The Maker token thus keeps the Maker ecosystem functioning smoothly by determining what cryptocurrencies are suitable to be used as collateral, the collateralization ratio required for these assets, their associated Stability Fees, and the DSR. In effect, it serves to regulate Dai’s soft-peg to the US dollar and keep Vaults overcollateralized.

How To Use Maker To Earn Interest On Compound

he first step is to connect to Maker and open a CDP (Collateralized Debt Position), depositing Ether as collateral and taking out DAI. Remember that the collateralization ratio should be above 150% to avoid liquidation.

The next step is to visit Compound to lend out the DAI that's been collateralized to earn interest. For example, 0.020 Ether is locked into the CDP and generates 1.2 DAI at 0.5% APR. That 1.2 DAI can be transferred to the Compound dapp with an earned interest of around 3.82%.

Small Loans Liquidation

On November 16, 2020, an analysis of MakerDAO loans liquidation by B.Protocol suggested that it is possible to exploit the liquidation system to create under-collateralized debt. The researchers created small vaults for $128, just above Maker’s "dust" parameter that defines the minimum size for new vaults. As Maker’s oracles updated to new prices that made these vaults eligible for liquidation, B.Protocol found that the debt remained unclaimed for several hours. While the researchers later closed the bad debt loans on their own, the mechanism could be abused to create a Dai position that would never be liquidated. Splitting a $1 million loan in small tranches of slightly more than $100 would cost about $5,000 in gas - a small price to pay for the possibility of completely avoiding liquidation, the analysts assert. Yaron Velner, the founder of B.Protocol, told CoinTelegraph that this was most likely because liquidation bots are instructed to ignore vaults below a certain threshold "based on some gut feeling".

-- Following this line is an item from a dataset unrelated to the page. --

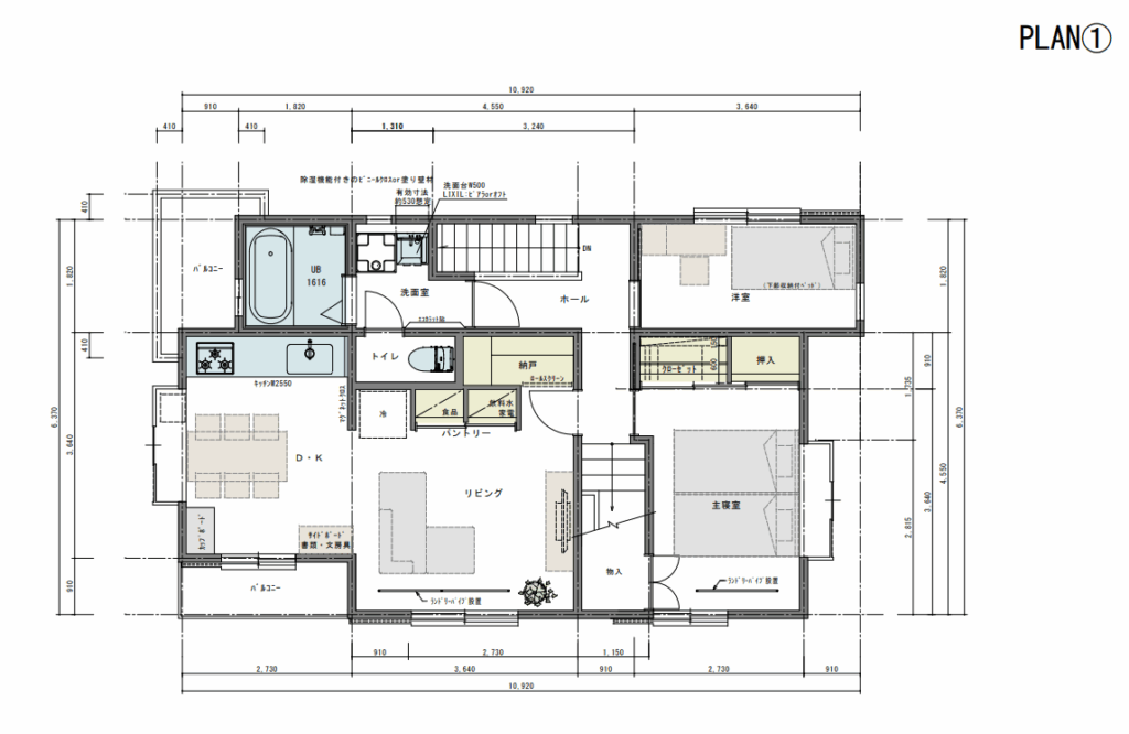 2つのプランを見ながらお打合せを行い、収納したい物の量や種類を洗い出し、更に動線計画を踏まえた上で、PLAN①をご採用いただきました。

In response to the findings, the Maker community began researching ways of limiting the potential attack vector. If it were to be exploited on a large scale, it could lead to similar consequences as the Black Thursday incident. Bad vaults could eventually fall decisively below the 100% collateralization threshold, meaning that even if they were liquidated, they would still leave the system with unbacked Dai. Alternatively, high gas costs could mean that the largest profitable bid would not return enough Dai to cover the debt. The Maker community is studying a quick remedy of raising the minimum vault size, but Velner is skeptical of this solution, as it is unclear if a higher minimum would suddenly make these vaults attractive to liquidator bots. A longer-term solution is "Liquidations 2.0," where the protocol would directly pay liquidators for securing the debt. Other protocols relying on liquidation auctions could also be vulnerable to this issue, Velner noted.